Enfin, la subjectivation sociale est la logique d’action permettant à l’acteur de se représenter « comme un sujet critique confronté à une société définie comme un système de production et

de domination. » (Dubet, 1994, p. 111). Résultat de la tension entre intégration et stratégie, cette

logique de l’action est celle de l’identité du sujet, qui peut se construire de manière autonome, mais sans être totalement détaché du contexte culturel dans lequel il se trouve. Vécue comme un « inachèvement, comme une passion impossible et désirée permettant de se percevoir comme

l’auteur de sa propre vie, ne serait-ce que dans la souffrance créée par l’impossibilité de réaliser pleinement ce projet » (Dubet, 1994, p. 128), la subjectivation correspond en réalité à

une volonté chimérique de devenir le sujet de sa vie et de s’émanciper des contraintes extérieures.

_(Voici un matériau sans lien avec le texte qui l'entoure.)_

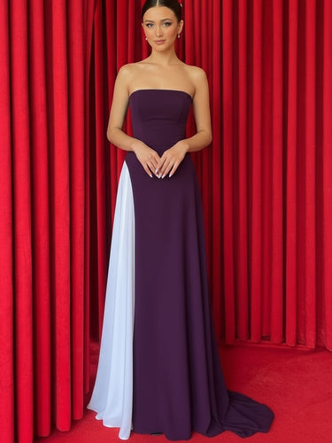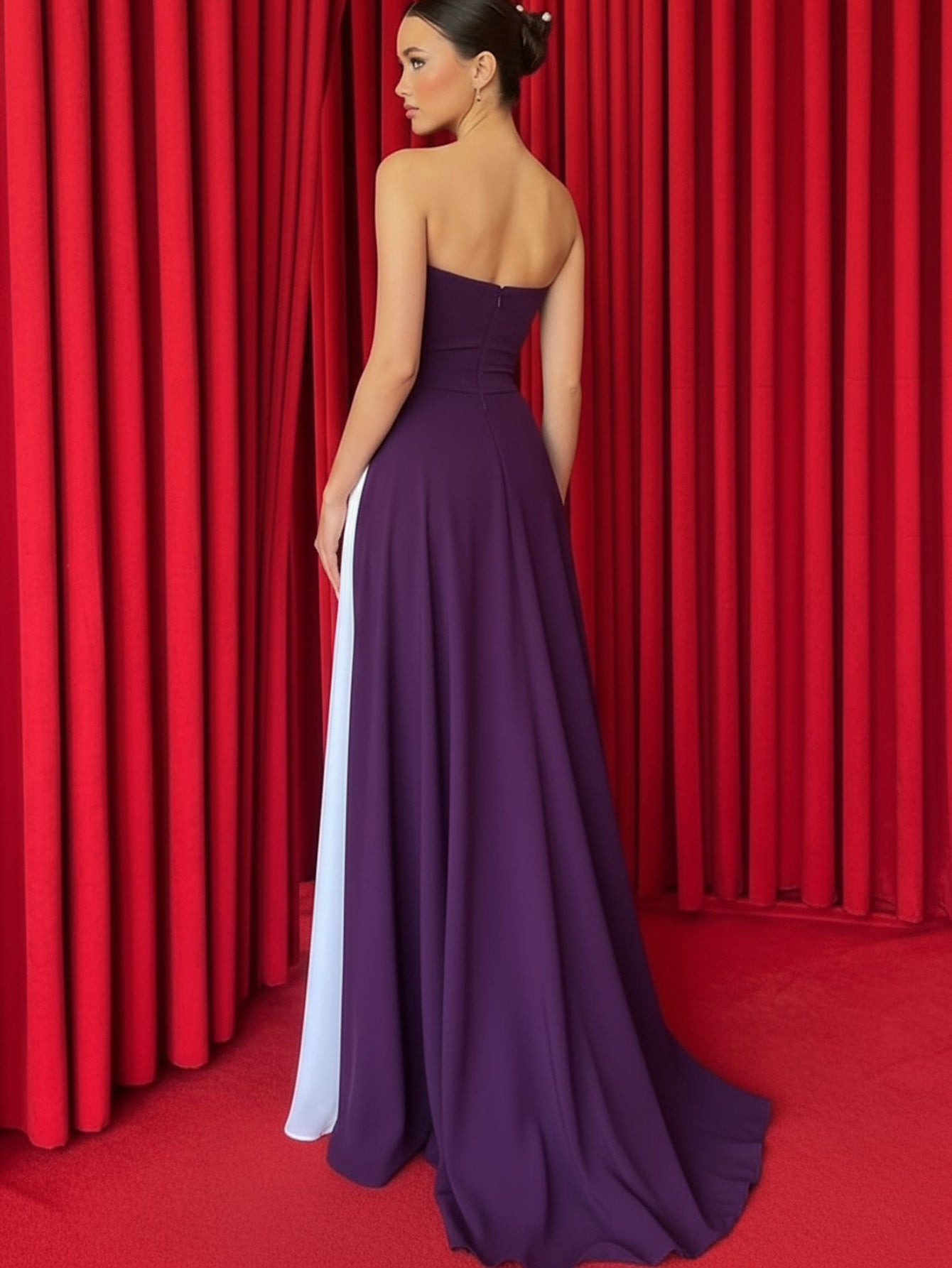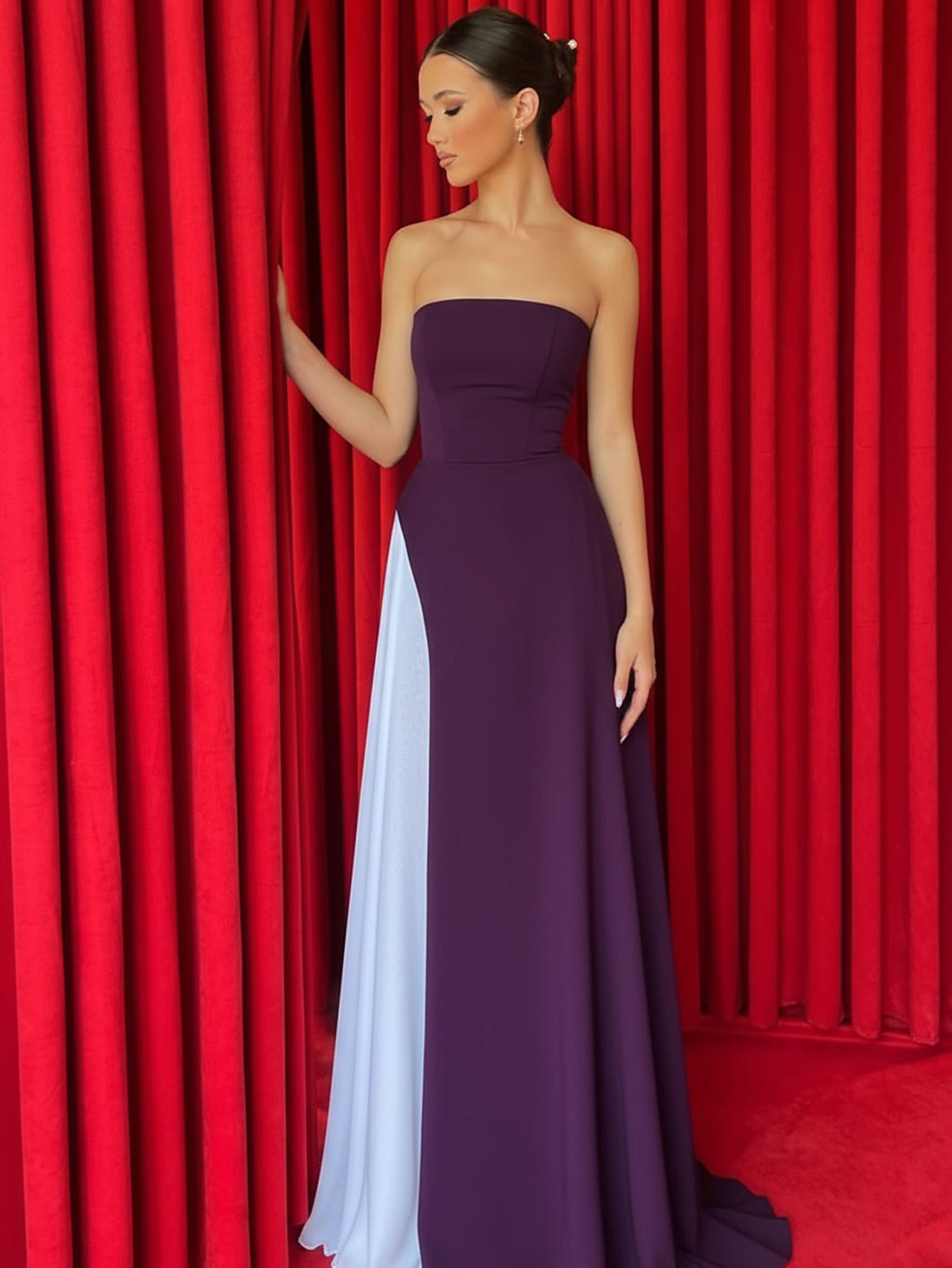 Two Pieces Strapless A-Line Long Prom Dress - Purple
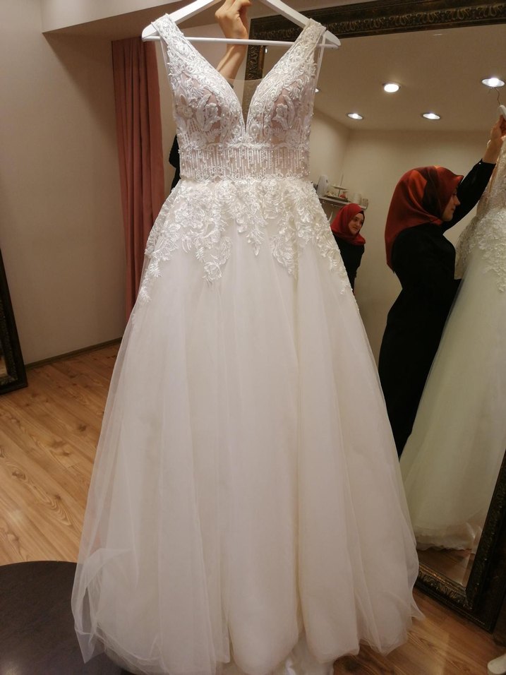 S/m uyumlu Beyaz A kesim gelinlik, işlemeli dantelli oturan üst kısmı ve derin V yaka detayıyla öne çıkar. Kolsuz ve uzun etekli, modern klasik ve vintage esintili bir tasarım sunar.
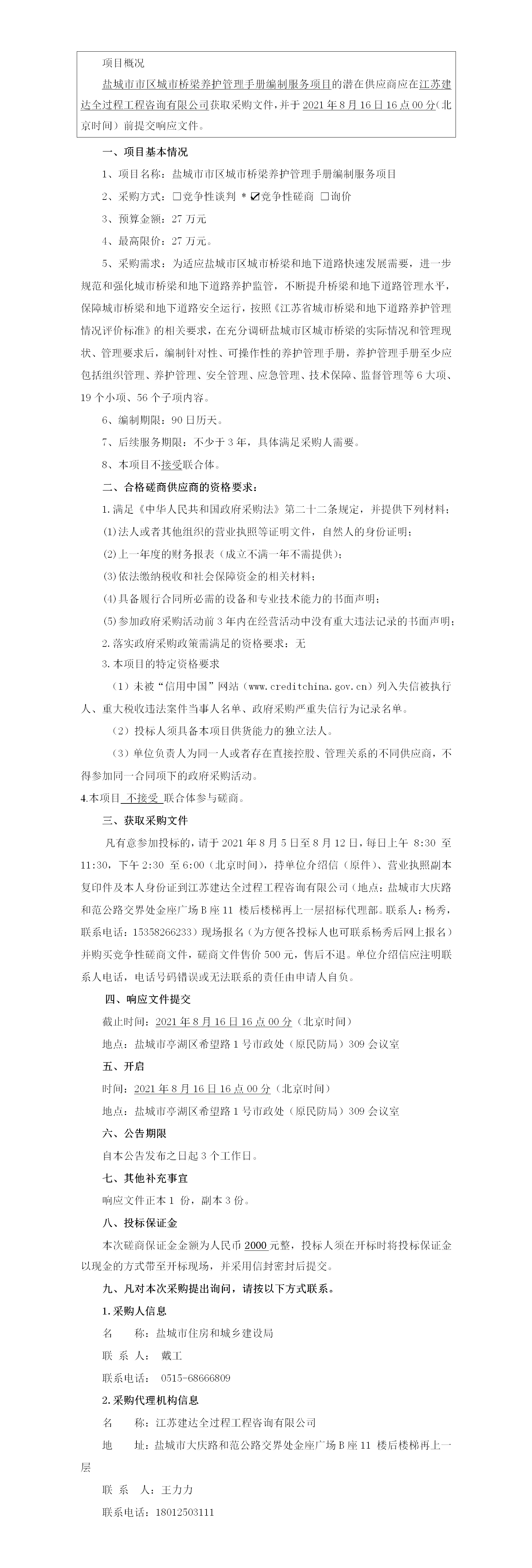 盐城市市区城市桥梁养护管理手册编制服务项目竞争性磋商采购公告
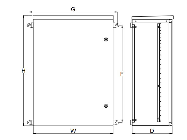- Stainless Steel Enclosure with Double Layer Top, Wall Mounted, Turn Latch, IP66
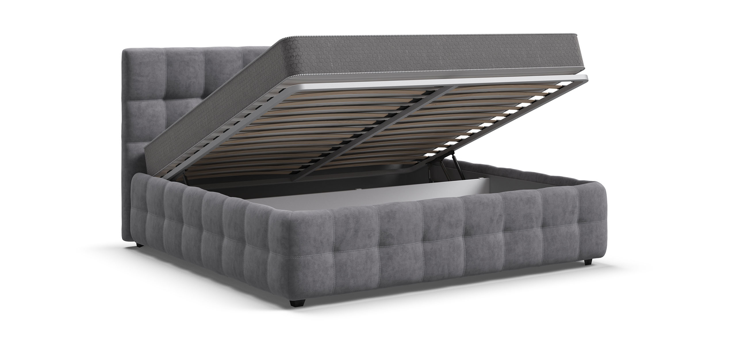 Особое внимание заслуживают газовые лифты SpaceLift, изготовленные из авиационного алюминия. Они обеспечивают лёгкое и плавное поднятие матраса, что делает доступ к отсеку для хранения быстрым и удобным. Дизайн 360 предполагает, что задняя часть спинки кровати также выполнена из основной ткани, что позволяет размещать кровать не только у стены, но и в центре комнаты, сохраняя при этом её эстетическую привлекательность.
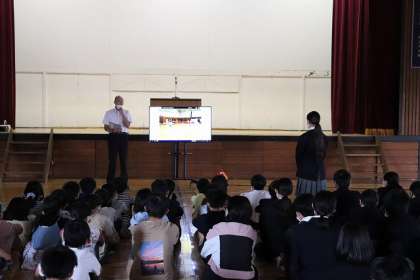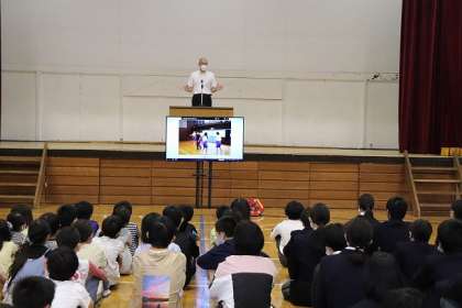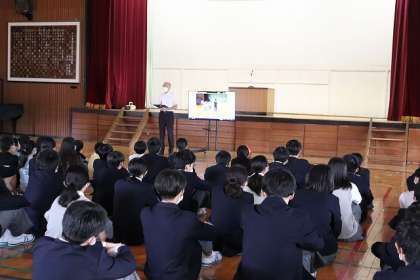 校長先生のお話「中学部1年生と『八王子盲学校』の先生による体育の授業の様子について・・アイマスクをつけての運動(声をかけることの大切さ)、フロアバレーボール体験」をスライドで分かりやすく説明してくださいました。中学部1年生の生徒からの感想も聞くことができました。
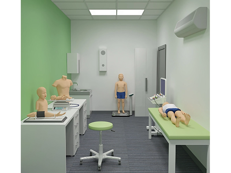 Тренажер предназначен для отработки практических навыков (в рамках программы первичной аккредитации по специальности "Педиатрия" для станции "Физикальное обследование ребёнка") и представляет собой модель торса ребёнка 3-летнего возраста, установленную на специальную платформу, с возможностью проведения осмотра как с вентральной, так и с дорзальной поверхности.
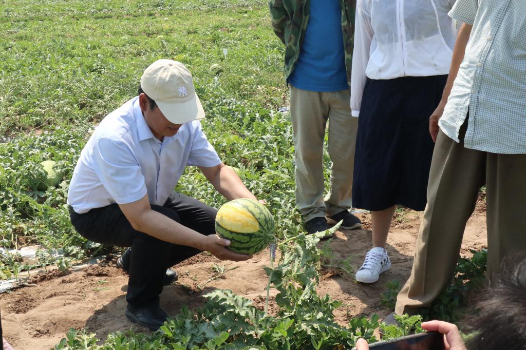 双方共同考察了联合培育的西瓜新品种,并就培育基地建设展开了进一步交流。

1.1. Une expérience contraignante

Dubet (1994) apporte une précision importante concernant l’articulation des logiques d’action identifiées. Le sociologue français souligne en effet que bien que leur combinaison soit réalisée par les individus, l’expérience sociale ainsi formée ne relève pas pour autant de la subjectivité. Pour Dubet (1994, p. 136), « l’acteur construit une expérience lui appartenant, à partir de

logiques de l’action qui ne lui appartiennent pas et qui lui sont données par les diverses dimensions du système. ». Selon lui, les logiques de l’action composantes de l’expérience ne

sont pas propres à l’acteur, mais lui sont données ou imposées à travers une culture, des rapports sociaux et des contraintes de situation ou de domination.

C’est notamment le cas en prison, analysée par certains auteurs sous l’angle d’une institution productrice d’expériences contraignantes (Rostaing, 1997, 2006; Chantraine, 2004b). En définissant l’expérience comme « la manière de comprendre, d’interpréter, d’agir et de réagir

à une situation sociale particulière », Rostaing (2006, p. 39) dégage ainsi une triple expérience

carcérale, véritable épreuve qui se caractérise par une prise en charge institutionnelle enveloppante, une remise en cause identitaire et une atteinte à la dignité des personnes incarcérées. Cependant, loin de considérer les détenus comme des individus passifs face à ces expériences engendrées par la prison, l’auteure reconnait une capacité d’action aux détenus placés dans une situation contraignante. Reprenant la nuance apportée par Dubet (1994), elle affirme que « considérer leurs possibilités d'actions [des détenus] ne signifie pas qu'on sous-

estime les contraintes du système. Leur reconnaitre une marge d'autonomie ne signifie pas qu'ils soient totalement maîtres du jeu. » (Rostaing, 1997, p. 14). L’enjeu de l’étude de l’expérience

carcérale est donc double, puisqu’elle permet d’une part de décrire les contraintes de l’incarcération et d’autre part de donner un rôle d’acteur au détenu face à ces contraintes.